Durability and Availability
- All S3 Glacier storage classes redundantly store data across a minimum of three Availability Zones
- Designed to provide 99.999999999% (11 nines) durability per object
- Data is synchronously stored across multiple facilities before returning SUCCESS on upload.
- Regular, systematic data integrity checks are performed and the system is built to be automatically self-healing.
Cost Model
- S3 Glacier pricing components include: storage (per GB per month), data transfer out (per GB per month), requests (per thousand requests per month), and data retrievals (per GB retrieved).
- S3 Glacier Flexible Retrieval Bulk retrievals are free.
- Early deletion charges apply if objects are deleted before the minimum storage duration (90 days for Instant/Flexible, 180 days for Deep Archive).
- S3 Glacier Deep Archive offers storage starting at approximately $0.00099 per GB per month (lowest cost in the cloud).
Scalability & Elasticity
- Individual objects can be up to 5 TB in size.
- There is no limit to the total amount of data stored — Amazon S3 Glacier scales automatically from gigabytes to petabytes.
Interfaces & Lifecycle Integration
- S3 Glacier storage classes are fully managed through the Amazon S3 APIs and console — objects are transitioned to Glacier classes via S3 Lifecycle policies or direct PUT with storage class specification.
- S3 Lifecycle policies can automatically transition objects from S3 Standard → S3 Standard-IA → S3 Glacier Instant Retrieval → S3 Glacier Flexible Retrieval → S3 Glacier Deep Archive based on age.
- Restoring objects from Glacier Flexible Retrieval or Deep Archive creates a temporary copy in S3 Standard for a specified retention period; the archived object remains in Glacier.
- S3 Batch Operations can restore archived objects at scale across millions of objects.
- Objects in S3 Glacier classes are managed through S3 APIs — they appear in S3 bucket listings and can be managed with standard S3 tools.
- For data migration into AWS at scale, use the AWS Snow Family (Snowball Edge, Snowcone) for physical data transport.
AWS Import/Export(legacy disk-based service) has been replaced by the Snow Family.
AWS Certification Exam Practice Questions
- Questions are collected from Internet and the answers are marked as per my knowledge and understanding (which might differ with yours).
- AWS services are updated everyday and both the answers and questions might be outdated soon, so research accordingly.
- AWS exam questions are not updated to keep up the pace with AWS updates, so even if the underlying feature has changed the question might not be updated
- Open to further feedback, discussion and correction.
- You want to pass queue messages that are 1GB each.

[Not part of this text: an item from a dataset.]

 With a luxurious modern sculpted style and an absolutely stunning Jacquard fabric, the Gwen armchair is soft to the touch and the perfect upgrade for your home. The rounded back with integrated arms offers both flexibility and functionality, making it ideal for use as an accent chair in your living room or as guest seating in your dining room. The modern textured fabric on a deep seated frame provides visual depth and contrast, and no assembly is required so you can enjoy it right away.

How should you achieve this?
- Use Kinesis as a buffer stream for message bodies. Store the checkpoint id for the placement in the Kinesis Stream in SQS.

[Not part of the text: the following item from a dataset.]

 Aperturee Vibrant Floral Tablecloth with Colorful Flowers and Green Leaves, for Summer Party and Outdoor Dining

- Use the Amazon SQS Extended Client Library for Java and Amazon S3 as a storage mechanism for message bodies. (Amazon SQS messages with Amazon S3 can be useful for storing and retrieving messages with a message size of up to 2 GB. To manage Amazon SQS messages with Amazon S3, use the Amazon SQS Extended Client Library for Java. Refer link)
- Use SQS’s support for message partitioning and multi-part uploads on Amazon S3.
- Use AWS EFS as a shared pool storage medium. Store filesystem pointers to the files on disk in the SQS message bodies.
- Company ABCD has recently launched an online commerce site for bicycles on AWS. They have a “Product” DynamoDB table that stores details for each bicycle, such as, manufacturer, color, price, quantity and size to display in the online store. Due to customer demand, they want to include an image for each bicycle along with the existing details. Which approach below provides the least impact to provisioned throughput on the “Product” table?
- Serialize the image and store it in multiple DynamoDB tables
- Create an “Images” DynamoDB table to store the Image with a foreign key constraint to the “Product” table
- Add an image data type to the “Product” table to store the images in binary format
- Store the images in Amazon S3 and add an S3 URL pointer to the “Product” table item for each image
- A company has 500 TB of archival data that must be retained for 10 years for regulatory compliance. The data is rarely accessed but must be retrievable within 12 hours when needed. Which S3 storage class is the MOST cost-effective?
- S3 Standard-IA
- S3 Glacier Instant Retrieval
- S3 Glacier Flexible Retrieval
- S3 Glacier Deep Archive (For data retained 7-10+ years with retrieval within 12 hours, Deep Archive provides the lowest cost at approximately $0.00099/GB/month with Standard retrieval within 12 hours.)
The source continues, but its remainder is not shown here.